Three-phase short-circuit (3Φ); It is a symmetrical fault that affects the 3-phases of the power system. The most severe short-circuit.

For all the above faults, the path of the fault current may be limited by nonzero impedance. If the impedance is equal to zero, the short-circuit is called bolted. Short- circuit faults often occur as a consequence of damage to cables and lightning strikes or trees falling on overhead lines. One of the most common reasons for three-phase short-circuit to occur is when a line or busbar is energized with grounding equipment left connected. This equipment is used for safety reasons while repairmen work on the power equipment, and it should be removed after the work is completed, and before the equipment is energized.

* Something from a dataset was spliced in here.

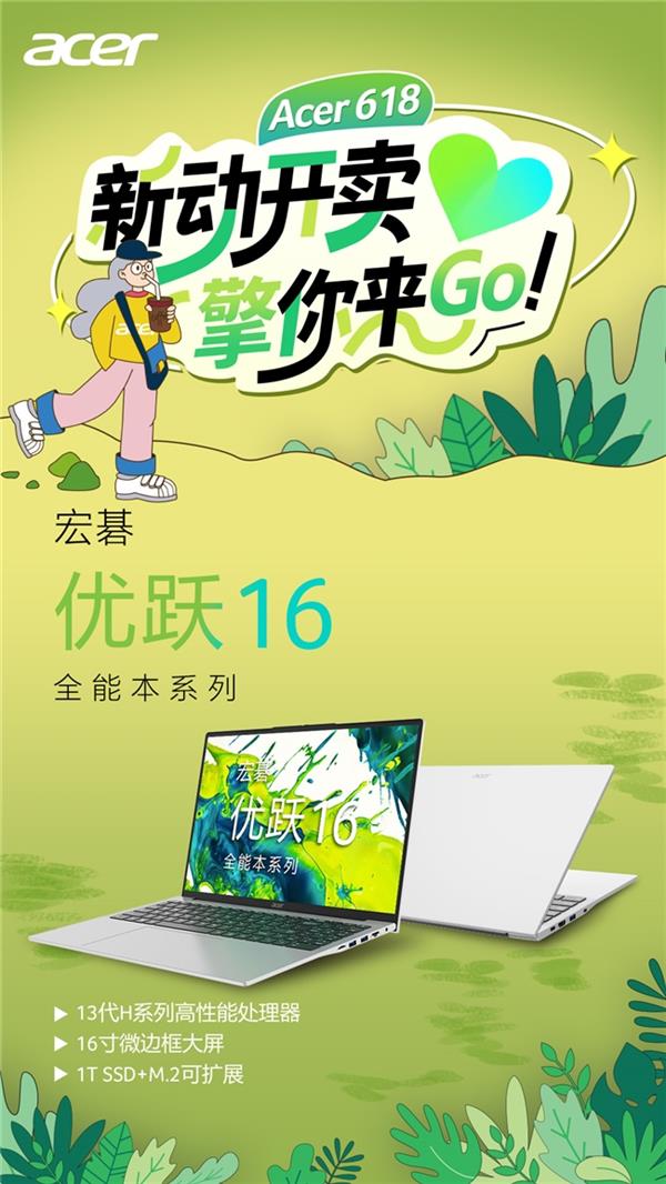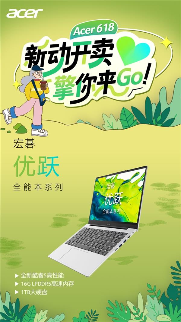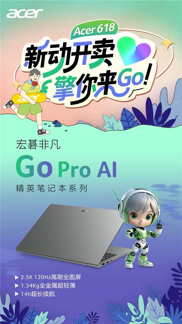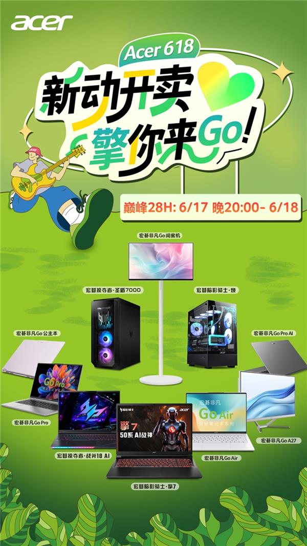 随着618年中大促进入爆发阶段,宏碁以“新动开卖,擎你来Go”为主题,于6月17日晚8点开启限时巅峰28小时大促专场。此次促销聚焦四大典型应用场景——日常通勤、游戏娱乐、高效办公与家庭共享,带来覆盖轻薄本、游戏本、商用设备及一体机桌面等多个品类的选择,全线产品参与国家补贴,至高立省20%,配合以旧换新、白条免息与多重优惠叠加,释放年度购机最佳时机。

I.6. Single-Line-to-Ground (SLG) Faults in Distribution Networks SLG faults represent the vast majority of all faults in public distribution networks and a correct handling of SLG faults is of primary concern in order to achieve continuity of service to customers. The magnitude of the fault currents and of the overvoltages during such faults is determined by the grounding method of the system. System grounding is important because it directly concerns safety. System grounding methods also determine the setup of the protection system to detect and disconnect (clear) SLG faults. Swedish regulations prescribe fast and automatic disconnection of permanent ground faults in distribution networks with a fault resistance up to 5 kΩ. In Sweden, medium voltage distribution networks are primarily resonant-grounded, through the use of a Petersen coil. Impedance grounded and ungrounded distribution networks are most common in Europe, while distribution networks are directly grounded in the United States. Directly grounding is used also in Sweden in the low voltage network and in transmission (high and extra high voltage) networks. This section briefly presents the theory on SLG faults with regard to ungrounded and resonant-grounded systems. The fault current at the fault point, the zero sequence voltage and the zero sequence current flowing at the beginning of each line will be calculated. The zero sequence current flowing at the beginning of each line is important because this is the current measured by the protection system. For further details about theoretical and practical aspect of network grounding methods, refer to the chapter on “Neutral earthing” in the “Protection Guide”, Schneider Electric. I.6.1 Ungrounded Distribution Networks Consider the distribution network with N radial lines (feeders) shown in Figure 5. A ground fault with fault resistance Rf is applied on phase a on the Nth line. Each line k, which may represent an overhead line or a cable, is represented by its zero sequence capacitance to ground Cok. All series impedances can be neglected, since normally they have much lower magnitude compared to the shunt impedance to ground, 1/(jωCok). The feeding transformer neutral point is ungrounded on the Medium Voltage (MV) side.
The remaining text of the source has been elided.